February 20, 2010

Baked Falafel

So we've come to learn the bad news we got earlier, isn't much of a kink in our style after all. Especially not when it means eating all the falafel you possibly can. Which might be a lot if you are allowed to fill the hole your pancreas left behind. 

This has got to be a super food. Not an ounce of bad anything. Just protein protein protein, vegetables, herbs. But how can that combination taste any good? Well, traditional and restaurant falafel is fried. 

But lord knows we are not that kind of joint. I don't necessarily oppose deep frying for health reasons, but omg, the TIME! the MESS! the WASTE! of oil that gets dumped down the drain [or responsibly disposed in a glass jar/trash].

Baking. That's the way to go. And yes, you can get a crispy exterior. Just pre-heat your baking sheet and oil in the oven so that when the patties make contact, they sizzle and brown. Perfect for our friend Jason, who's NEVER tried falafel since giving up fried food entirely.

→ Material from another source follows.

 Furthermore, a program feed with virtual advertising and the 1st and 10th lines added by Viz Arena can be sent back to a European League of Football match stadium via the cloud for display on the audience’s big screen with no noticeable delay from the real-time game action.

Wow, I guess this is now potentially the second recipe on this blog at the butt of ball jokes. Though technically they are patties. The spoonula was clutch to forming those perfect patties. I'm pretty sure it's in the lead for MVP kitchen utensil. Who doesn't love a great big red combination spatula and spoon?

Baked Falafel
Adapted from Kalyn's Kitchen
Makes 14-18 'fels

1 cup dried chickpeas or 3 cups canned (two 15oz cans)
1 cup chopped onion
4 tablespoons chopped cilantro
2-4 tablespoons chopped parsley (completely optional for parsley haters; aka me)
1 teaspoon salt
4 cloves minced garlic
1 teaspoon ground cumin
1 teaspoon baking powder
4 tablespoons whole wheat (or all-purpose) flour, more if your balls don't stick together
olive oil, for baking sheet

1. Soak dried chickpeas in cold water for at least 8 hours, or over night. After chickpeas are well-softened, drain well. If using canned, rinse peas well.

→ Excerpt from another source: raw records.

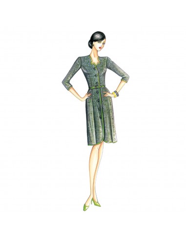 Vestido ligeramente acampanado, motivo de pequeños pliegues situados hacia el lateral.
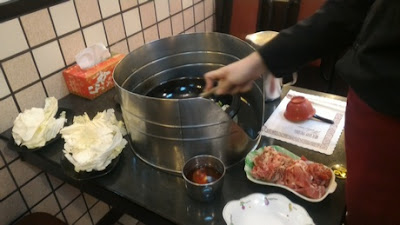 為什麼愛這家的石頭火鍋,因為他們會用麻油、沙茶、洋蔥、辣椒,先把肉爆香,並且加上高麗菜、白菜,炒到半熟,倒入高湯做成鍋底。
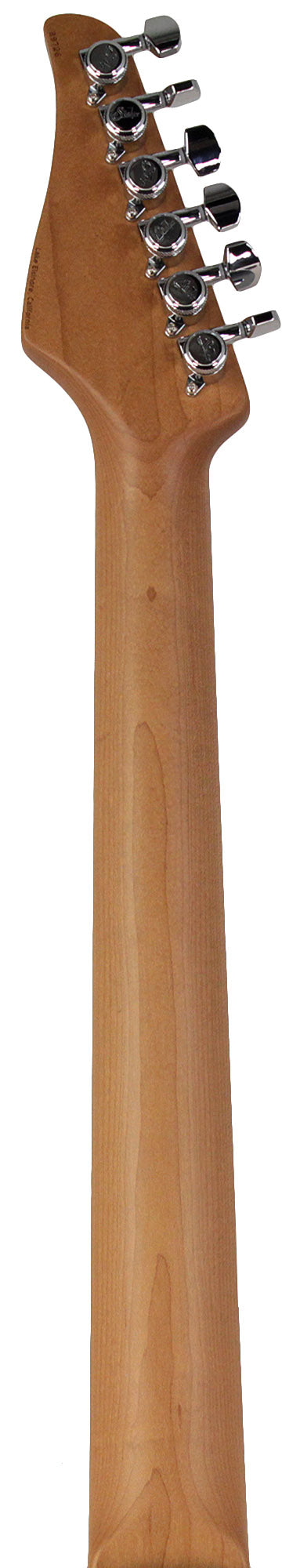 The neck is made from roasted maple and features a vintage 60's Medium C shape with a Rosewood fingerboard, medium stainless steel frets, and Abalone Dot Inlays. The fingerboard has rolled edges and a 9"-12" compound radius, great for smooth bends. These appointments create a comfortable, fast feeling neck with long lasting playability.

2. Put chickpeas, onion, parsley, cilantro, salt, garlic, and cumin into bowl of a food processor with the steel blade attached. Pulse until mixture is well-chopped and combined, but not pureed together. My processor is a 9-cup model, so it works much better to do one half of the ingredients at a time, you will get a more even blend across particles.

3. Sprinkle over baking powder and flour and pulse a few more times to combine. Test one ball to see if mixture holds together, and if not add more flour until it does. (I didn't need to add more flour.) Put mixture into a plastic bowl with a tight-fitting lid and chill several hours or overnight (optional).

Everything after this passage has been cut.